Shared Project Memory: Your AI Agent That Remembers Across Sessions

AI coding agents start fresh every time you launch them. You explain your project structure, your conventions, your API endpoints, again and again. It's like having a coworker with perfect recall who somehow forgets everything overnight.

That's why project memory matters. Your agent should remember that you prefer userId over user_id, that the test database runs on port 5433, or that you're migrating from Express to Fastify. These aren't one-off details. They're context that should persist.

What Shared Project Memory Looks Like

muxd has two memory tools built in: memory_read and memory_write. They store key-value facts in a simple JSON file at .muxd/memory.json in your project directory. The agent reads these facts automatically at the start of each session, giving it immediate context about your project.

Here is what your memory file might contain:

{
  "facts": {
    "database_url": "postgresql://localhost:5433/test",
    "code_style": "camelCase for vars, PascalCase for types",
    "auth_method": "JWT with refresh tokens"
  }
}

No prompts to craft. No files to manually edit. Just tell the agent "remember we use camelCase" and it's stored for next time.

Local vs. Shared: A Simple Choice

Not all memories should sync everywhere. API keys, machine-specific paths, local ports — these stay on your machine. Mark them scope: local and they never leave your device.

Shared facts (scope: shared by default) sync to the muxd hub when you're connected. Switch from your laptop to your desktop and your project context comes with you. The hub merges changes intelligently: local keys are never overwritten, and the most recent shared value wins.

Local scope is for:

  • API keys and secrets
  • Local dev ports and file paths
  • Machine-specific environment variables

Shared scope is for:

  • Coding conventions (code_style: camelCase)
  • API preferences and architecture decisions
  • Project patterns that everyone should know

Why This Beats Prompt Engineering

You could dump all this into a CLAUDE.md or .cursorrules file. Many teams do. But those files get stale, they're easy to forget, and they require discipline to maintain.

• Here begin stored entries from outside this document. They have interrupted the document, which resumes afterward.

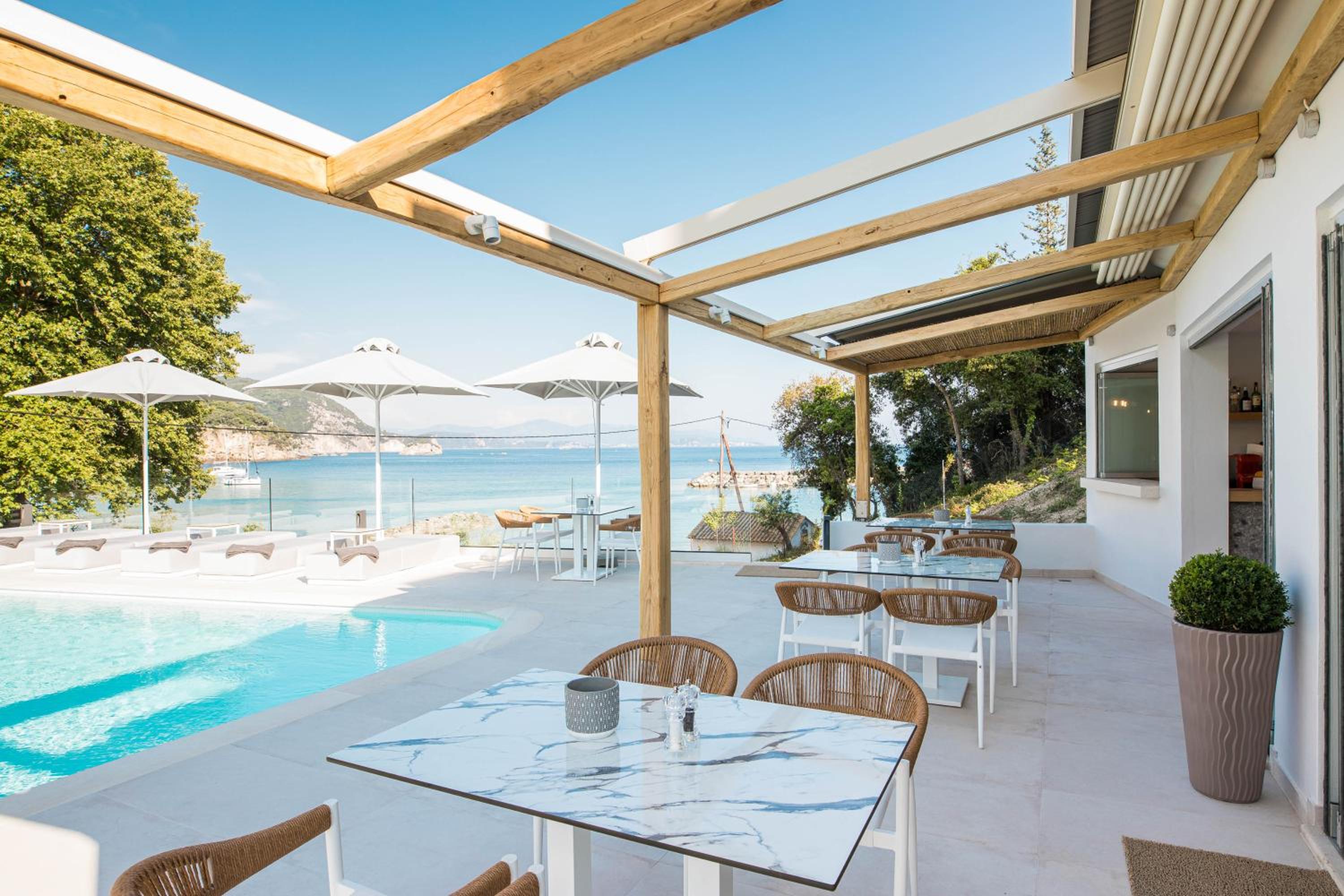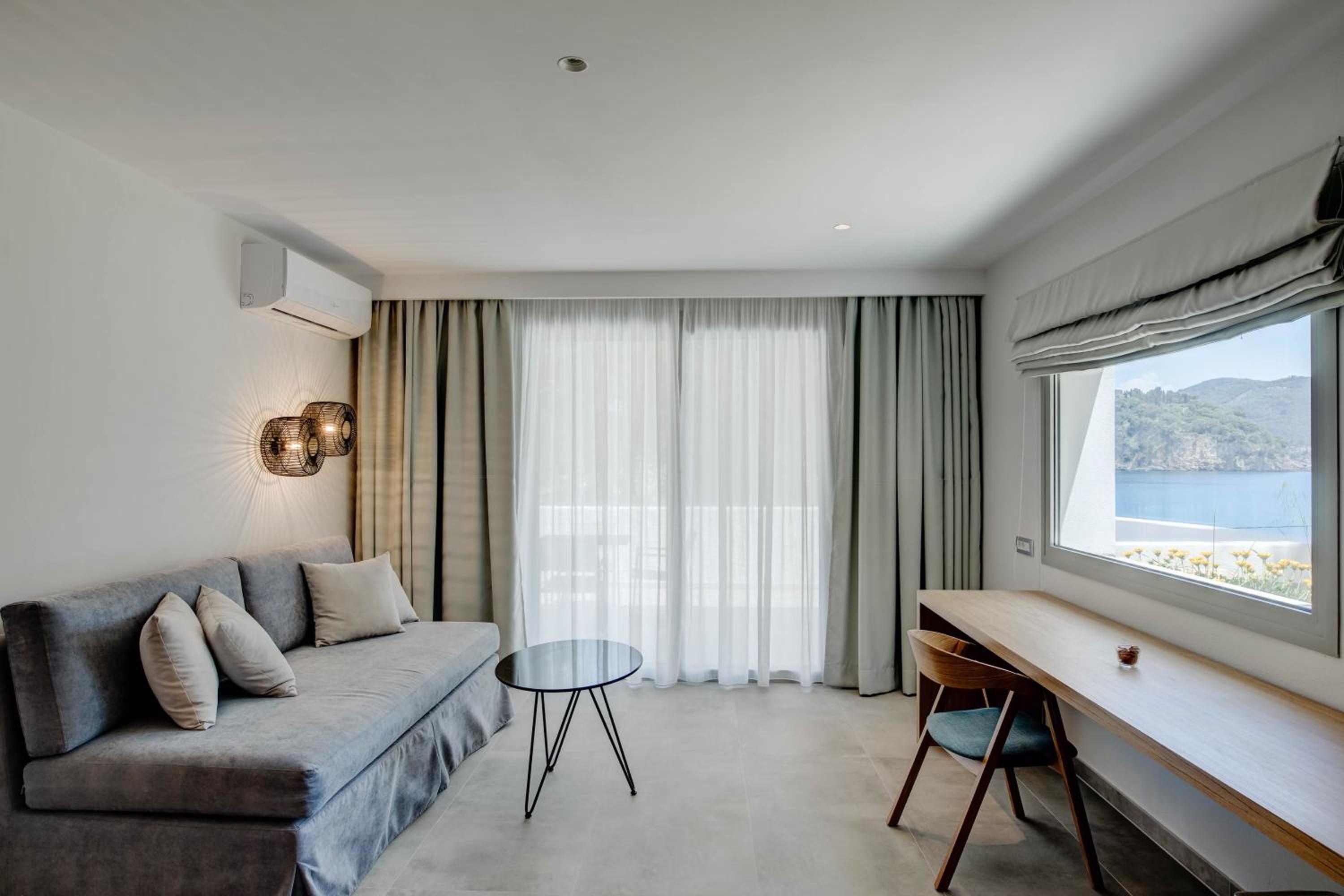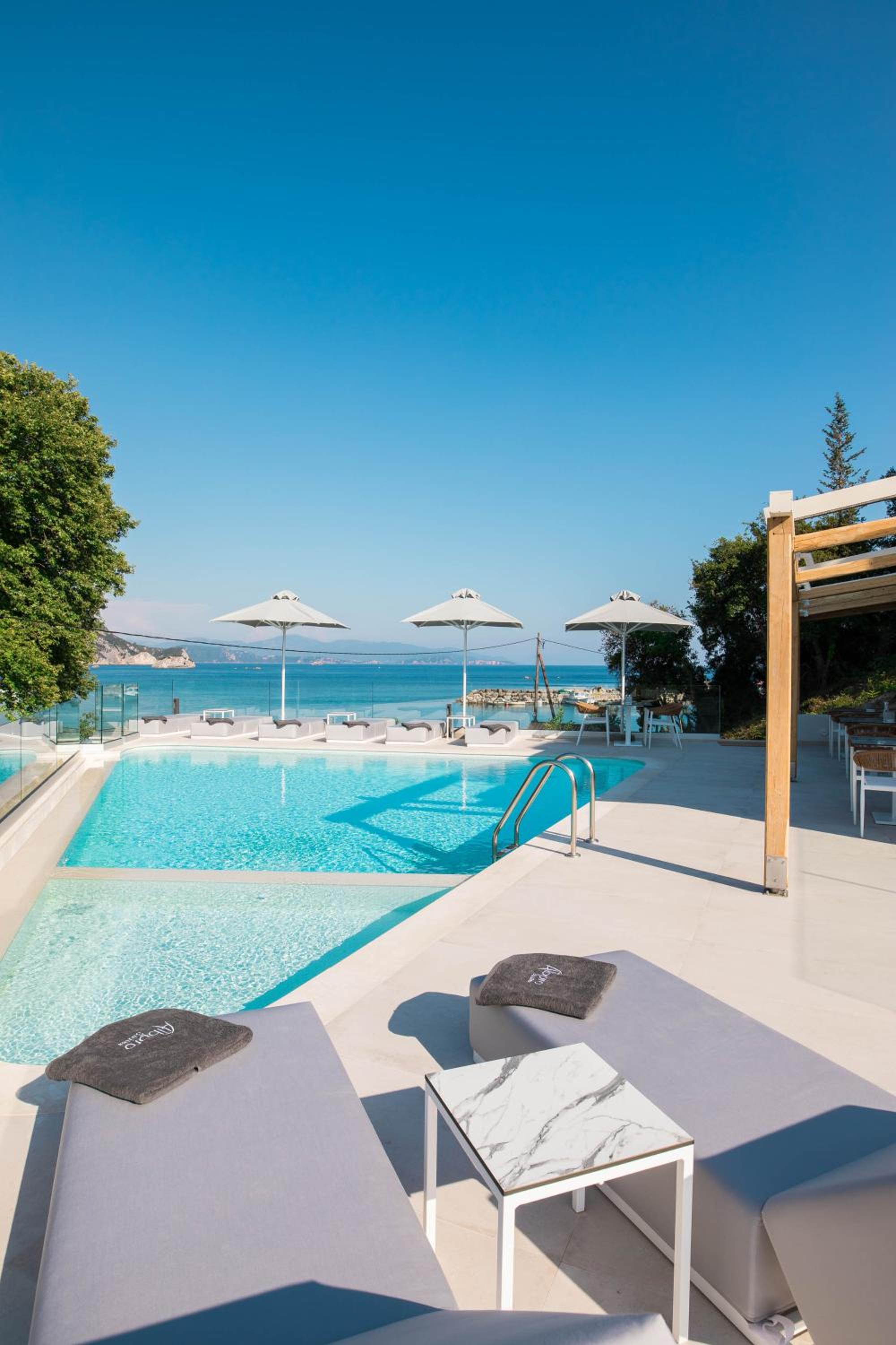 Otroligt stilren och fräsch inredning, utmärkt mat och fantastiskt trevlig personal! Hotellet har bara några få rum och man känner sig verkligen välkommen och hotellägaren är otroligt trevlig, hjälpsam och familjär. Sen kommer vi till läget, det går inte att hitta ett bättre läge på Valtos! Enastående utsikt över havet från rummen, poolen och restaurangen och bara några få steg ner till den egna stranden med solbäddar. Bara för hotellets gäster, lugnt och avskilt. Vi älskade Alboro och kommer definitivt åka tillbaka, stället har allt man kan önska!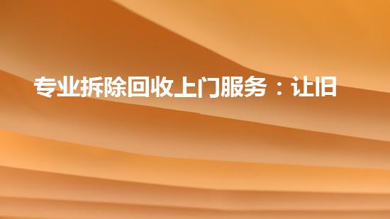 在城市化进程不断加速的今天无论是家庭装修升级、企业搬迁改造,还是厂房设备更新都会产生大量需要拆除的废旧物品。传统的处理方式往往是随意丢弃或低价卖给流动商贩,这不仅造成了资源的巨大浪费,还可能带来环境污...
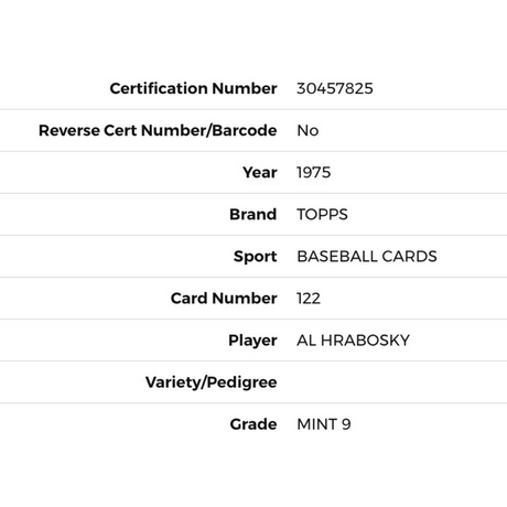 Al Hrabosky PSA 9 1975 Topps Card #122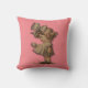 Niña pequeña con el arco en marrón sobre una almohada rosa 100% poliéster tirada. "16 x 16"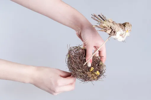 Используя тонкие березовые веточки и кокосовое волокно, попробуйте свить руками небольшое гнездо. Поэтапно скрутите веточки в круг, добавляя кокосовое волокно, закрепить конструкцию можно при помощи шпагата. Декоративное гнездо можно также приобрести в магазине для творчества.
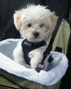 We are totally in love with our Spanky. Now 14 weeks and still a joy for us. He is so good, listens well. Wee Wee pad trained with only 3-4 accidents since we got him at 9 weeks. He knows sit, stay and come. He has just stated walking with a harness and leash with no issues. This pic shows him in his booster seat on the way to the vet. Best gift he has gotten, he sits so well in the seat.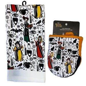 1- 2 pack set of Disney Hocus Pocus Kitchen Dish Towels. The towels are 100% cotton 16x26 and features The Sanderson sisters.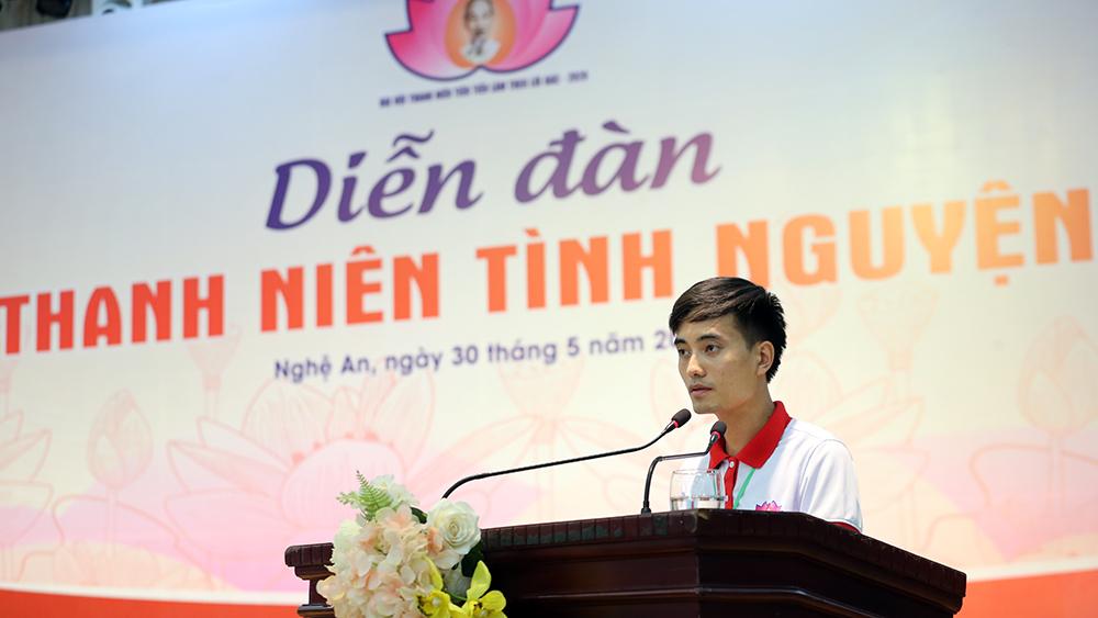 Anh Trần Tuấn Hiệp trình bày tham luận tại Diễn đàn “Thanh niên tình nguyện”. |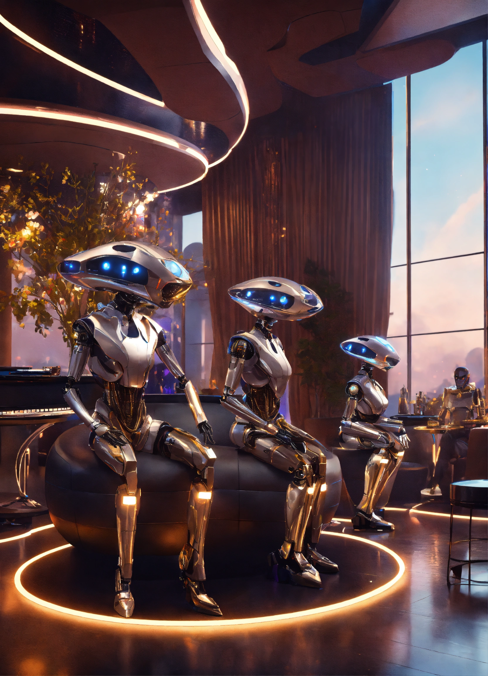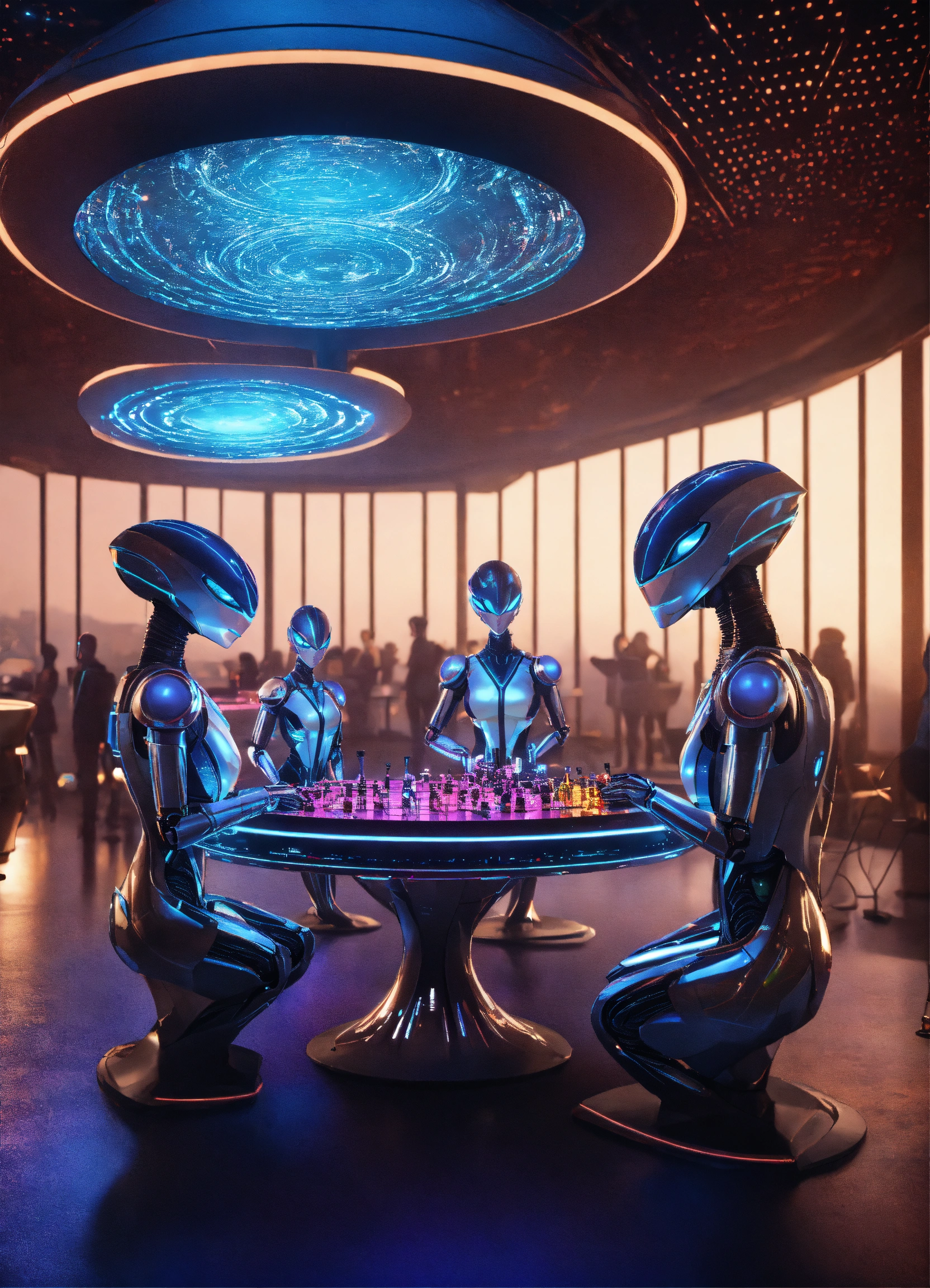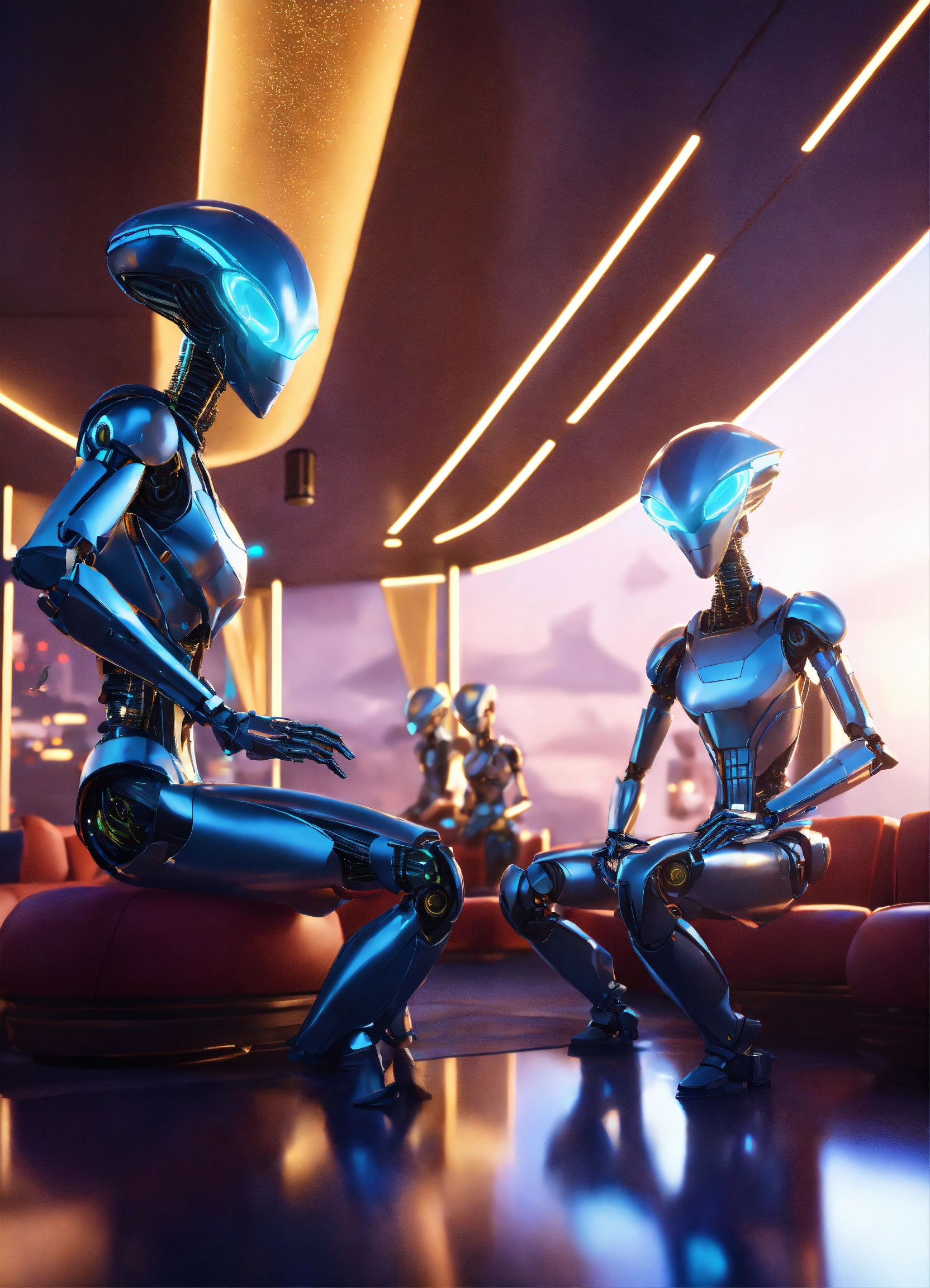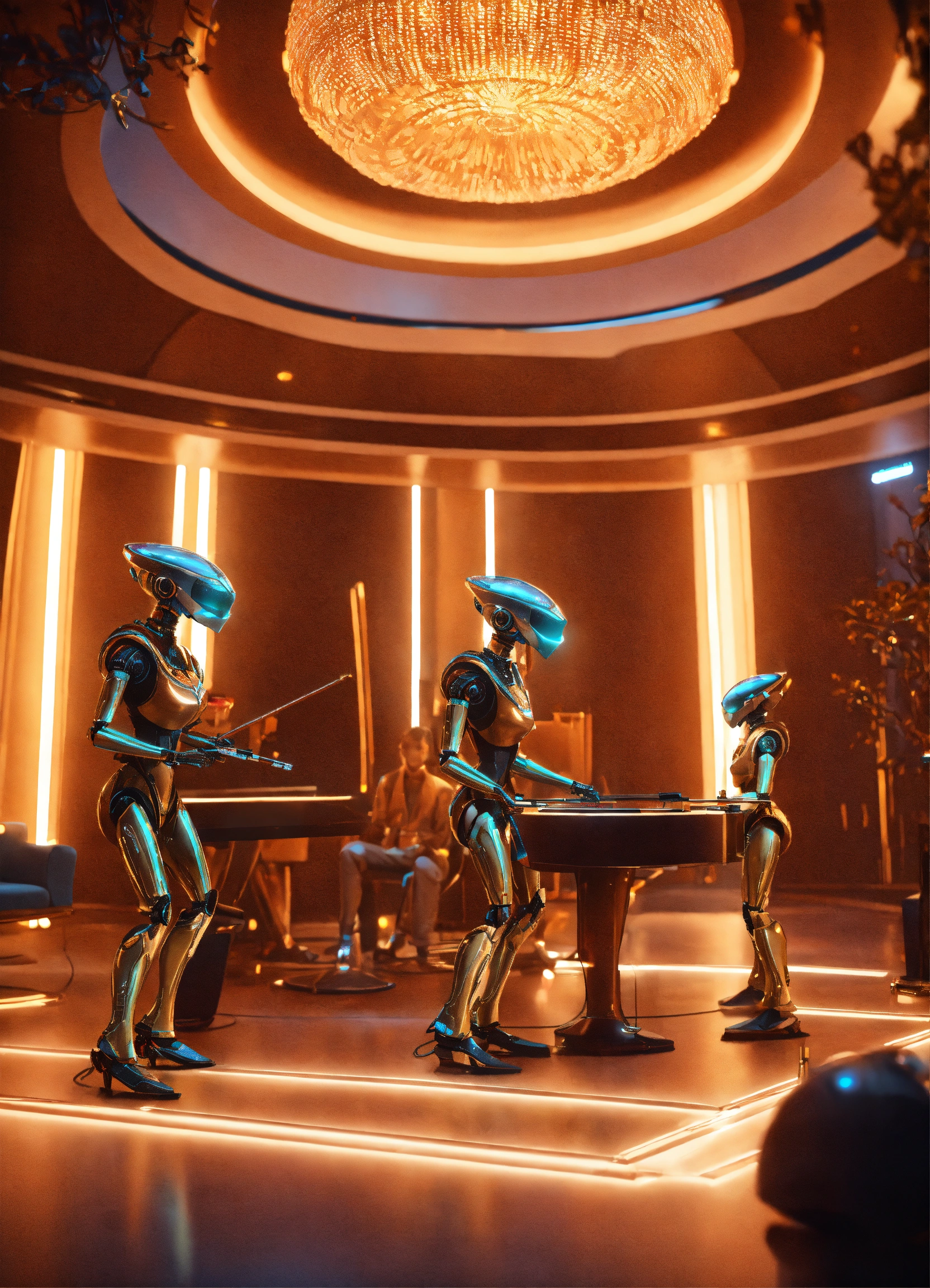 Band of 4 alien robots playing hypnotic music to a crowd of people in a luxury space port lounge reception area, realistic, futuristic, sci-fi, 8k, unreal engine, pixar, disney, zaha hadid

Project memory is different:

  • It's conversational. Just say "remember we use Zod for validation" during a session. No file editing required.
  • It's alive. The agent can update its own memory when it learns new conventions from your code.
  • It's portable. Switch machines, and your context follows if you want it to.

How It Works Under the Hood

The memory system is deliberately simple. A memoryFile struct holds facts and a list of local-only keys. Writes are atomic — temp file then rename — so corruption is impossible even if the process crashes mid-save.

type memoryFile struct {
    Facts     map[string]string `json:"facts"`
    LocalKeys []string          `json:"local_keys,omitempty"`
}

Thread-safe with a mutex. Sorted output for consistent prompts. The whole implementation is under 400 lines, including tests.

When the hub is connected, shared facts push automatically. The merge logic is straightforward: shared keys from the hub overwrite local shared keys, local-only keys are sacred. No complex conflict resolution. No surprises.

Real-World Usage

Here are patterns that actually get stored:

  • Project conventions: "We use SvelteKit, not Next.js"
  • Environment details: "Dev server runs on 3001, not 3000"
  • API preferences: "Use the new /v2/ endpoints, legacy is deprecated"
  • Personal style: "I prefer early returns over nested ifs"
  • Secrets (local only): "AWS_PROFILE=muxd-dev"

The agent references these automatically. No prompt injection tricks. No context window pressure from repeating the same facts.

Getting Started

Project memory works out of the box. Start a muxd session and say something like:

Remember that we use TypeScript strict mode and prefer interface over type for object shapes.

The agent stores it. Next session, it knows.

Read the full project memory documentation for details on local vs. shared scope, hub sync, and best practices for organizing your facts.

The Bottom Line

An AI agent without memory is a goldfish with a compiler. Every session starts from zero, repeating context that should have been learned long ago. Project memory fixes that — simple storage, automatic sync, and the context you need when you need it.

Your agent should remember what matters. Now it does.